When it came to the Air Force, however, the report told a different
story. Complaints to the DOD IG came from a total of 3,555 Air Force
members, compared with three from Navy and just one from Army.

While this statistic is alarming in its own right, it becomes horrific
when one considers that each complaint represents a sad story of
abuse, mistreatment and neglect.
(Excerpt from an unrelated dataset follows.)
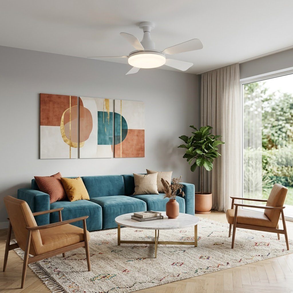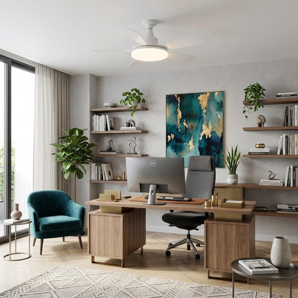 Discret et fonctionnel, ce petit plafonnier ventilateur blanc apporte une brise douce et une lumière LED agréable, sans encombrer visuellement votre plafond. Ses pales épurées s’inscrivent parfaitement dans un intérieur minimaliste ou scandinave, aussi bien dans une chambre que dans un salon ou un bureau. Son installation est d’une grande simplicité : il se visse directement sur une douille existante, sans travaux ni électricien. Compact avec ses 61 cm de diamètre, il convient aux petites pièces où l’air a besoin de circuler. Deux en un, pour un intérieur pensé jusqu’au plafond.

As one senior Air Force officer put
it, "Each story is, in itself, a sad indictment on the US Air Force.
When taken as a whole, however, they demonstrate a reprehensible lack
of regard for personnel on the part of managers at all levels."

One young pilot told of having to spend two nights in tented
accommodations, despite the fact that there was an empty five-star
hotel just one mile away.

Another said that he had been forced to endure a grueling fitness test
every year since he joined in 1997.

One airwoman alleged that she had been overlooked for promotion on
numerous occasions, simply because she was fat, lazy and stupid.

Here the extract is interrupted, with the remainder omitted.